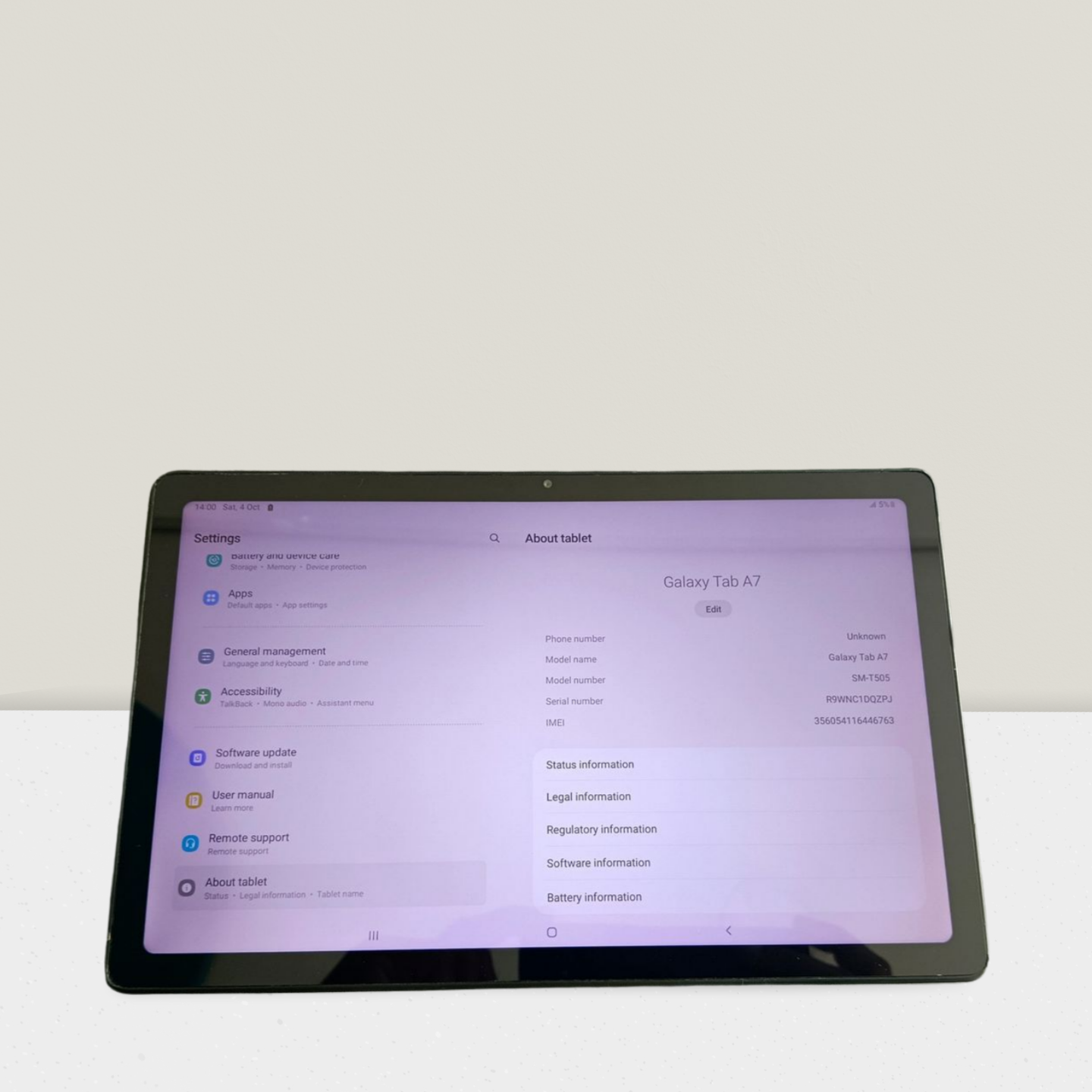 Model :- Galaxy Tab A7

---

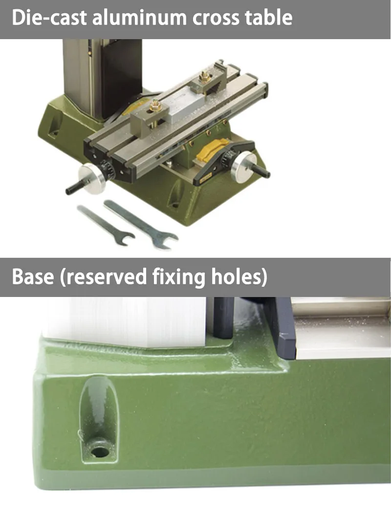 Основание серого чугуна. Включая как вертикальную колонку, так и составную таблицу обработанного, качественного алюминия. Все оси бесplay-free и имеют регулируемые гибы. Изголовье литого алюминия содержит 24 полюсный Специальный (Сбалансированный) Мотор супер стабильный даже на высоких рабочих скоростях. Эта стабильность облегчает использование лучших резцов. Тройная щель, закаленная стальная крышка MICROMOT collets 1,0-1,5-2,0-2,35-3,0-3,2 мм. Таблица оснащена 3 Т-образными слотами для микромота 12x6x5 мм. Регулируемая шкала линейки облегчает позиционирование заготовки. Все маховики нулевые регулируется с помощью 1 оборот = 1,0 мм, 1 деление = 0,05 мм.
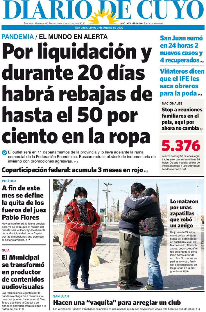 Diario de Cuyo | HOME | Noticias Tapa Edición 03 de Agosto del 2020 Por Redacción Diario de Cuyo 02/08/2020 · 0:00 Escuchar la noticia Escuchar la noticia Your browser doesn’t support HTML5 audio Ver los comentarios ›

_ABOUT THIS EXERCISE_
Look above for the line with "Основание серого чугуна." and copy exactly from it through the line with "Diario de Cuyo |", both included. Omit the pictures.

_EXERCISE SOLUTION_
 Основание серого чугуна. Включая как вертикальную колонку, так и составную таблицу обработанного, качественного алюминия. Все оси бесplay-free и имеют регулируемые гибы. Изголовье литого алюминия содержит 24 полюсный Специальный (Сбалансированный) Мотор супер стабильный даже на высоких рабочих скоростях. Эта стабильность облегчает использование лучших резцов. Тройная щель, закаленная стальная крышка MICROMOT collets 1,0-1,5-2,0-2,35-3,0-3,2 мм. Таблица оснащена 3 Т-образными слотами для микромота 12x6x5 мм. Регулируемая шкала линейки облегчает позиционирование заготовки. Все маховики нулевые регулируется с помощью 1 оборот = 1,0 мм, 1 деление = 0,05 мм.
 Diario de Cuyo | HOME | Noticias Tapa Edición 03 de Agosto del 2020 Por Redacción Diario de Cuyo 02/08/2020 · 0:00 Escuchar la noticia Escuchar la noticia Your browser doesn’t support HTML5 audio Ver los comentarios ›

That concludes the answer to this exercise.